Qualitative breakdown of the unrestricted Hartree-Fock energy

TL;DR

This paper examines the limitations of unrestricted Hartree-Fock and density functional methods in accurately modeling certain two-electron molecules, highlighting issues with symmetry breaking and potential energy surface inaccuracies.

Contribution

It introduces specific two-electron molecules that exacerbate symmetry-breaking problems in UHF and DFT, revealing significant inaccuracies in potential energy surfaces.

Findings

UHF fails with certain two-electron molecules, causing incorrect energy surfaces.

DFT with B3LYP also exhibits symmetry breaking and delocalization errors.

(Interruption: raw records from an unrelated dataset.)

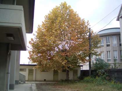 正門を入ってすぐの左手に色づいた花水木が見られます。一本はすでに葉が落ち,枝がむき出しになっているのもありますが,残りは今紅葉の見頃となっています。また,体育館の北西角にポプラの一種でしょうか,こちらも黄葉に色づき始めています。枝から幾筋もの実が垂れ下がっているのも,珍しい光景として見ることができます。
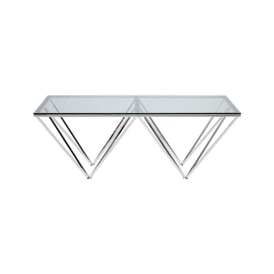 This sleek rectangular coffee table imparts Boutique luxury. The tabletop is made from safe tempered glass, its transparency enabling an uninterrupted view of the distinctive legs beneath.
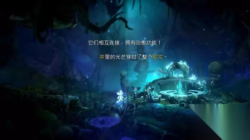 拿到楔石后,回头继续向右走,你会发现一个精灵之井,可以拿来回血、存档、传送。
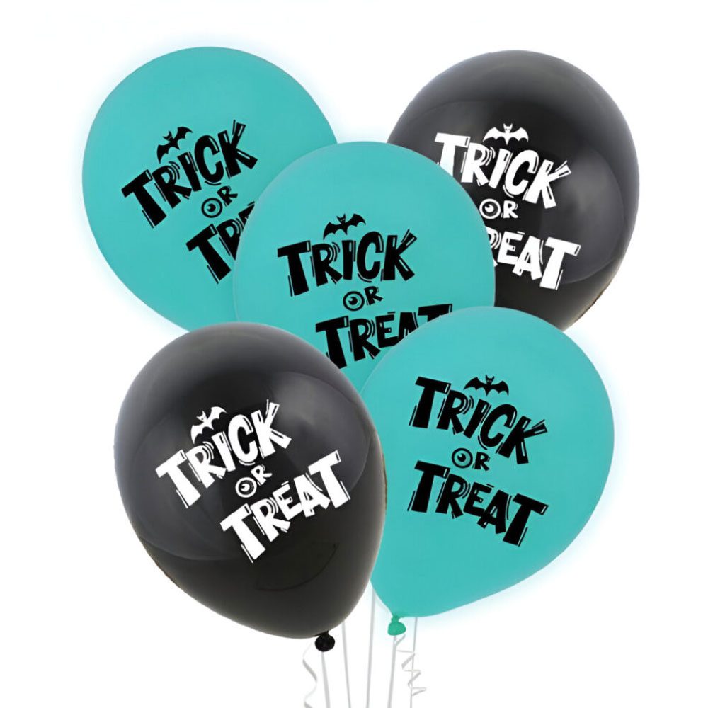 Μπαλόνι latex Trick or Treat 30εκ. σε δυο χρώματα (γαλάζιο, μαύρο) για το Halloween. Τυχαία επιλογή χρώματος.
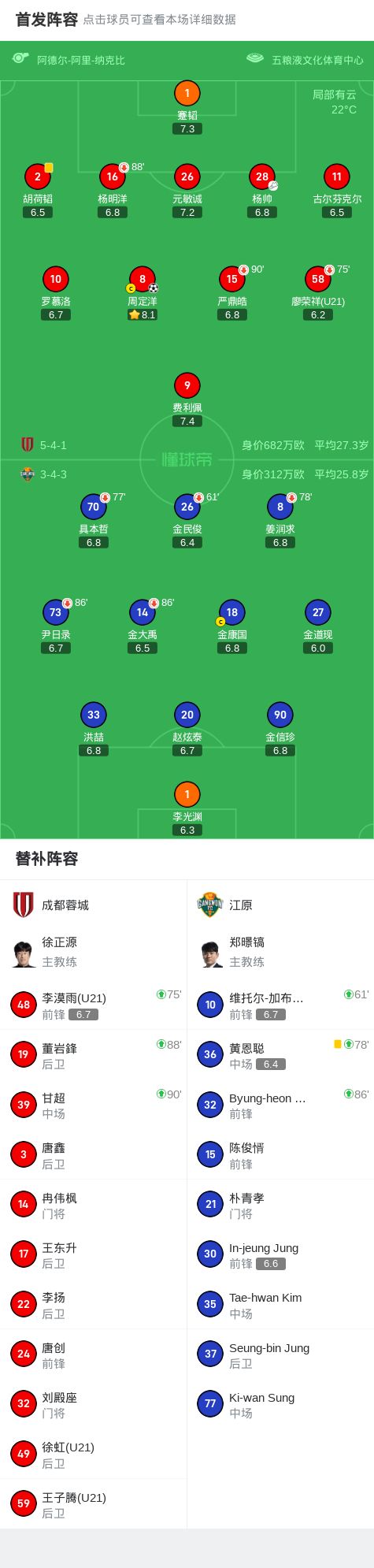 第90+2分钟,成都蓉城换人调整,甘超替补登场
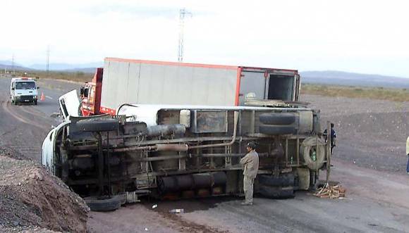 El conductor de un camión frigorífico cargado con pollos con destino a Jáchal sufrió ayer un gran susto luego de perder el control del vehículo en un badén y terminar de costado, metros al Norte del ingreso al camino de la zona de Tucunuco, unos 40 km. al Sur del centro del centro jachallero, informaron fuentes policiales. Ocurrió minutos después de las 18. En la comisaría 21ra. dijeron que tanto el camión Mercedes Benz 1114 como la carga (que no salió de la caja) pertenecen a la empresa "Un Rincón de Nápoli’, y que su chofer Julio Walter Vera (62) apenas sufrió lesiones leves.
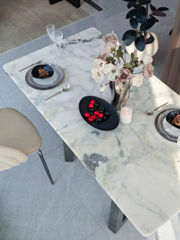 WARMブルージェイド豪華石製ダイニングテーブル - ヴィラにぴったりの輸入ライトラグジュアリー天然大理石製、仏山製の高級長方形テーブルで、上質な食事空間を演出します。
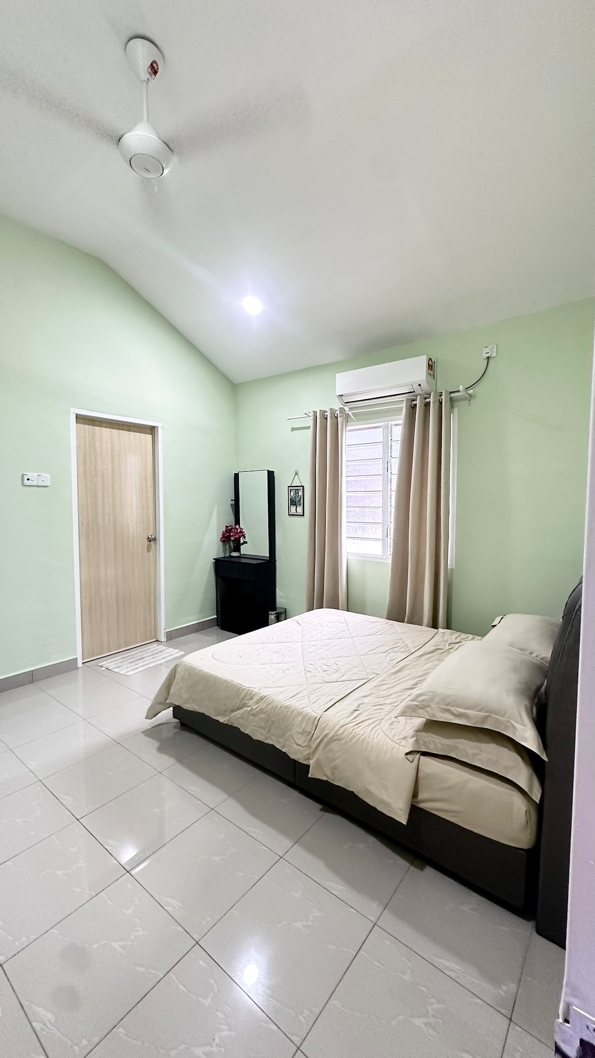 家私全新,舒服及宽敞,能容纳16人,附近有7-11,用品毛巾肥皂🧼齐全,全房有冷气枕头,无线上网超强😊 🌸注意事项⚠️(入住前需付款抵押金RM300,退房检查后没问题将会退回抵押金) 🌸126 HOMESTAY (16person) We will collect a deposit of R M 300. It will be refunded after check out within 24hours. You may pay by instant transfer to PUBLIC BANK ENTERPRISE Kindly snap and send me the bank slip. Thanks.
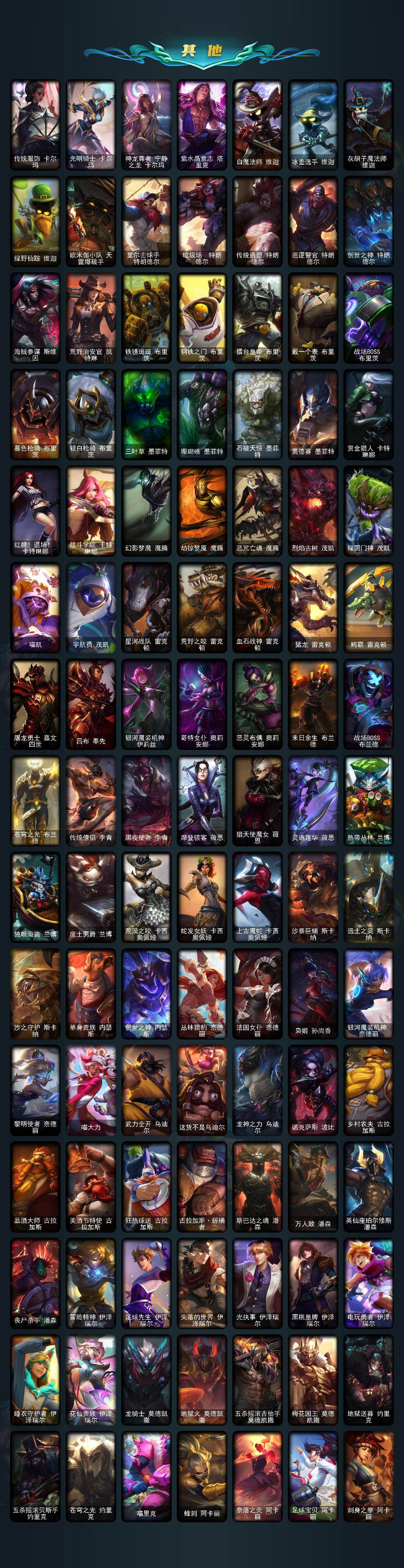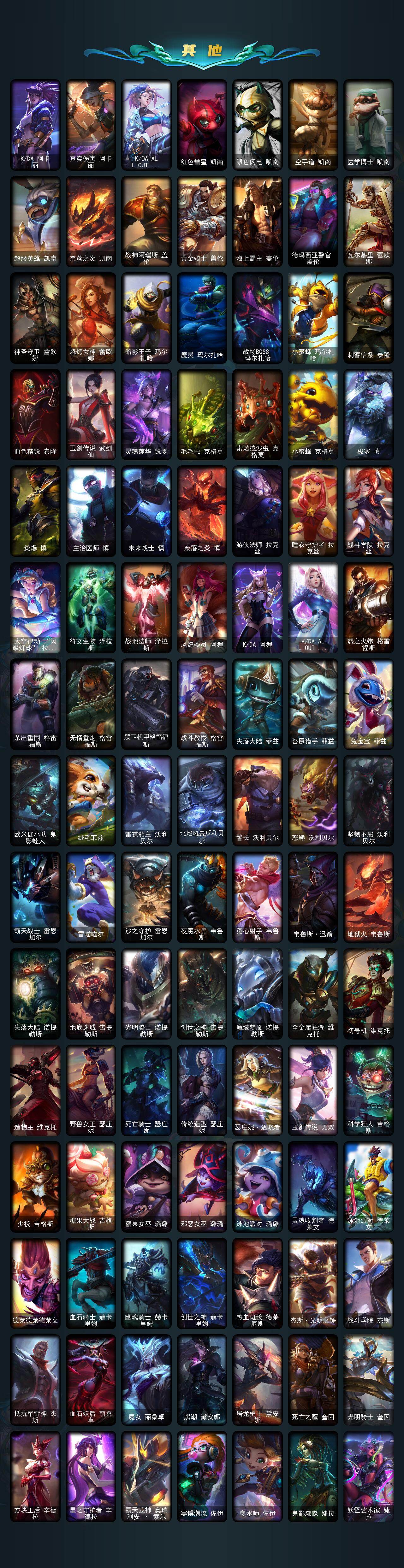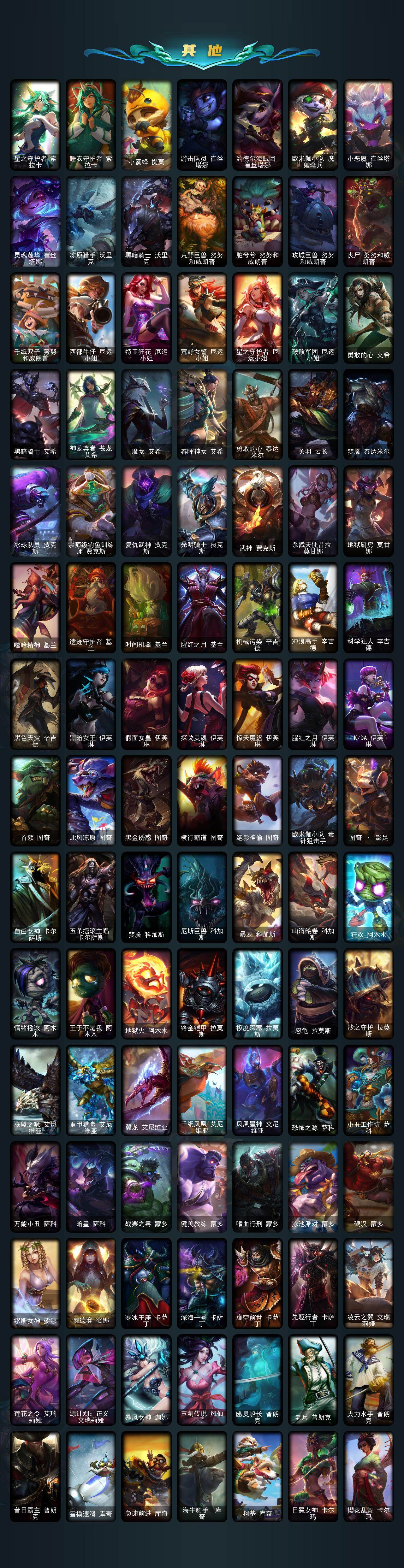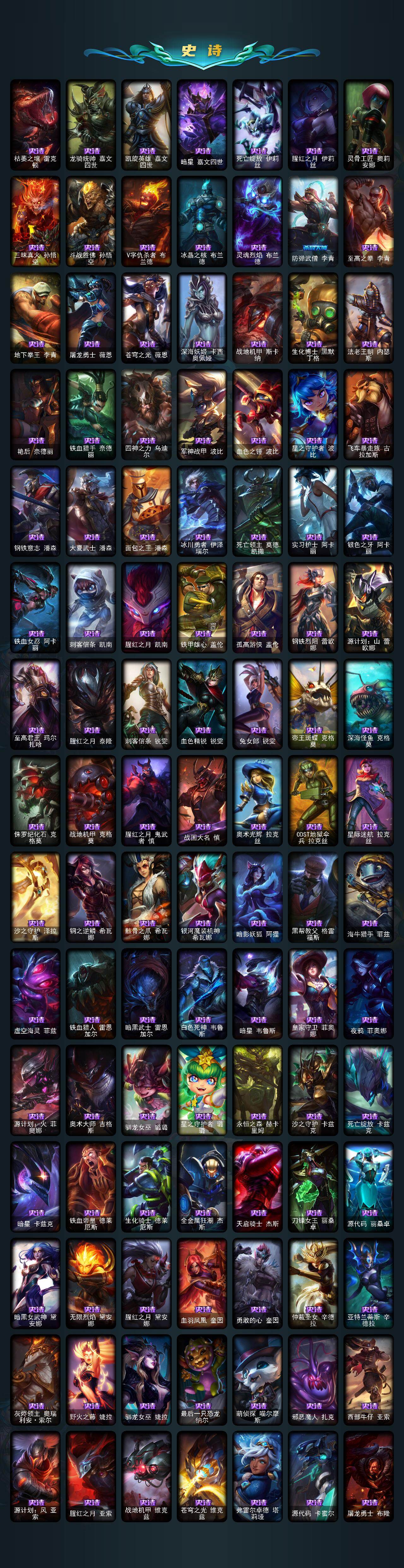 【年限皮肤】:龙的传人李青,银龙裁决泰隆,古琴余韵娑娜,定海神珍孙悟空,醒狮克格莫,你看见过我的熊猫吗安妮,碧玉之牙卡西奥佩娅,神龙之翼库奇,替父从军花木兰,广寒仙子嫦娥,神龙烈焰金克丝,美猴王孙悟空,紫金罗刹莫甘娜,玉净夜叉凯特琳,张辽文远,司马懿仲达,南天之怒沃里克,春晖神女拉克丝,烈焰美人薇恩,纳财大帝塔姆,福牛守护者厄斐琉斯,猛虎下山赵信,剪纸仙灵艾瑞莉娅,天龙之子斯莫德
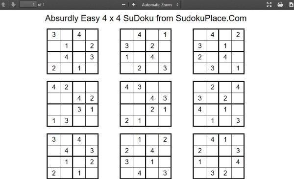 Sudoku Place offers you 4×4 Sudoku puzzles with various difficulty levels. You can see in the screenshot above there are various difficulty levels for these puzzles. Difficulty levels such as absurdly easy, very easy, merely easy, and almost tough are some levels which you can play. When you click on a level it will open up in printable format.
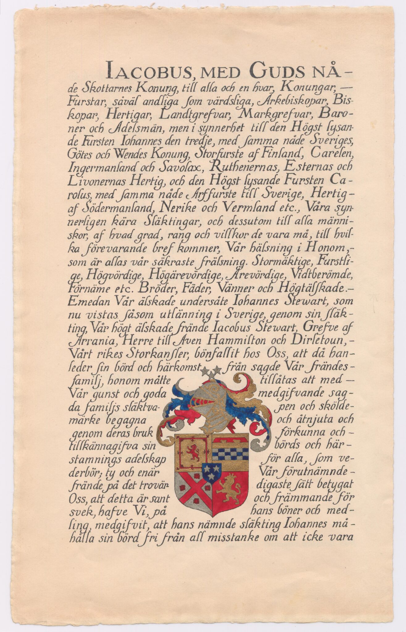 Skotskt konfirmationsbrev på adelskap för adliga ätten Stuart, nr 86.
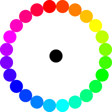 This features a large, colorful circle with various colors on it. In the center of the circle is a black dot that stands out against the vibrant background. The circle appears to be made up of smaller circles or dots, each one having a different color. These individual dots are scattered all around the main circle, creating an intricate and visually appealing pattern. Overall, the image exudes a sense of creativity and artistic expression through its use of colors and design elements.
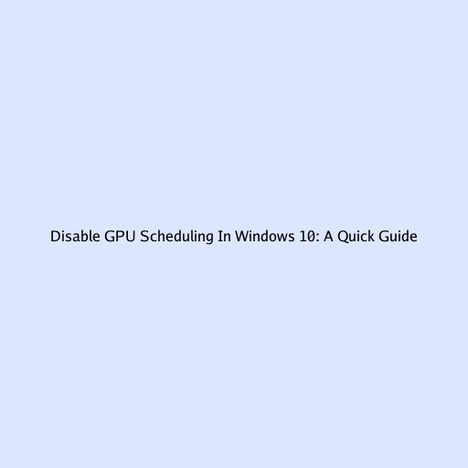 Disable GPU Scheduling in Windows 10: A Quick Guide
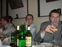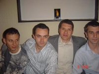 ....elem....sto se tice slika koje traze Mujke i tata Edo...pa nemam ih ljudi....jeb***, ko nam je kriv kad se nismo slikali...ja sam imao i aparat, ali se malo popilo, i nisam napravio dva shota...kada sam sutradan pogledao aparat, bile su dvije slike koje je Samir slikao, ali naravno i on onako pripit je slikao.....jako neuspjesno, moram priznati....Samire, ja vjerujem da je do aparata....;))Nino
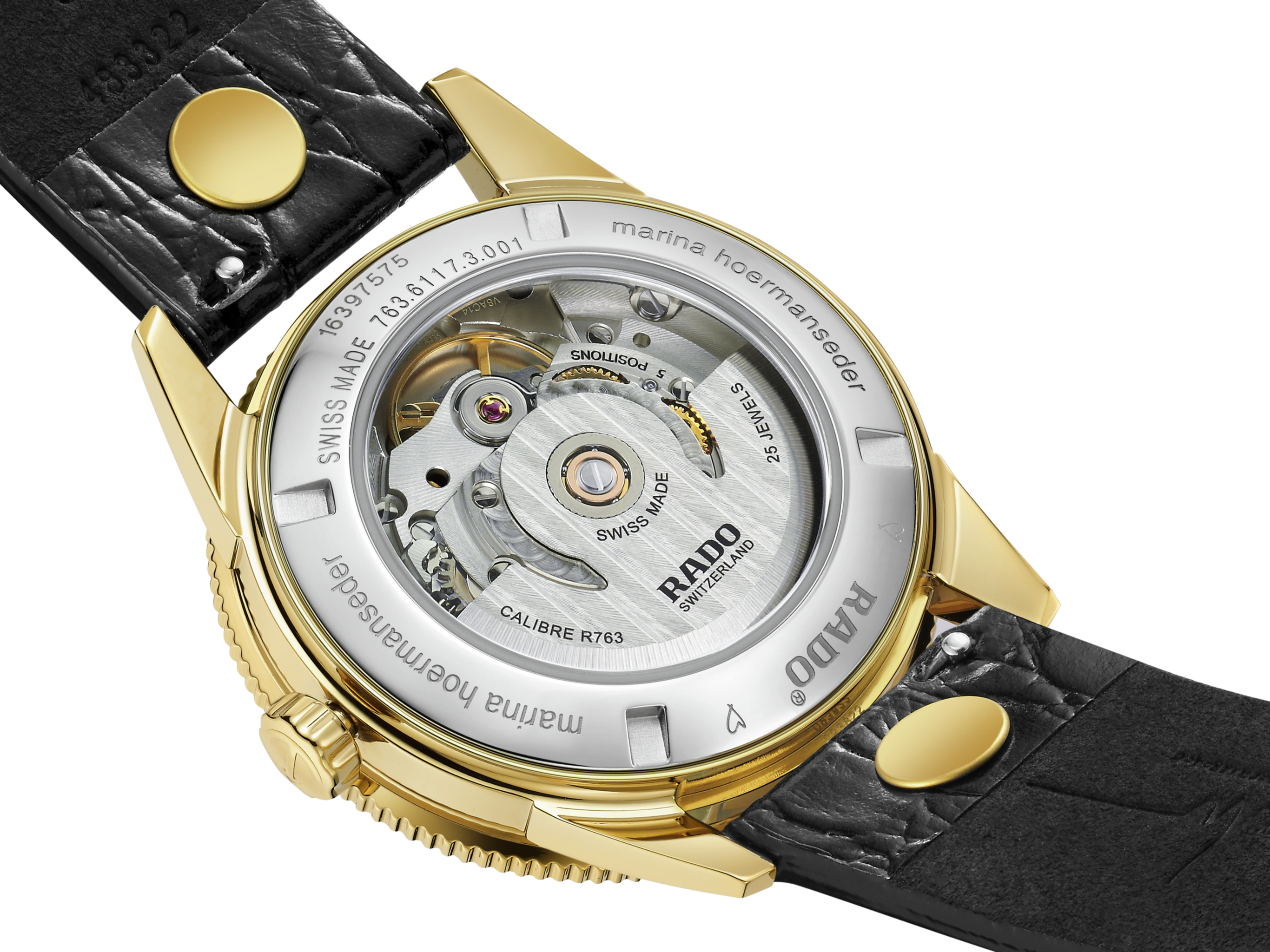 • Funkce a popis:Čas, datum, strojek Swiss Rado Automatic Caliber 763 (25 kamenů), rezerva chodu 80 hodin, krokové ústrojí ocel/kámen, polokmity setrvačky 21.600/h (3 Hz) = přesnost chodu (diference) 3 - 5 vteřin denně (vysoké přesnosti stroje je docíleno jemnou regulací šroubky na ramínkách věnce setrvačky + regulací stroje v dalších dvou polohách navíc a to devítkou dolů a víčkem pouzdra nahoru), patentová sestava jemné regulace, automatický nátah (hodinky se natahují pohybem ruky) + ruční nátah (hodinky lze natáhnout/dotáhnout dle potřeby i ručně korunkou, rotor samonátahu disponuje funkcí oboustranného nátahu

The study highlights fundamental limitations in common electronic structure methods.

Abstract

The stretching of closed-shell molecules is a qualitative problem for restricted Hartree-Fock that is usually circumvented by the use of unrestricted Hartree-Fock (UHF). UHF is well known to break the spin symmetry at the Coulson-Fischer point, leading to a discontinuous derivative in the potential energy surface and incorrect spin density. However, this is generally not considered as a major drawback. In this work, we present a set of two electron molecules which magnify the problem of symmetry breaking and lead to drastically incorrect potential energy surfaces with UHF. These molecules also fail with unrestricted density-functional calculations where a functional such as B3LYP gives both symmetry breaking and an unphysically low energy due to the delocalization error. The implications for density functional theory are also discussed.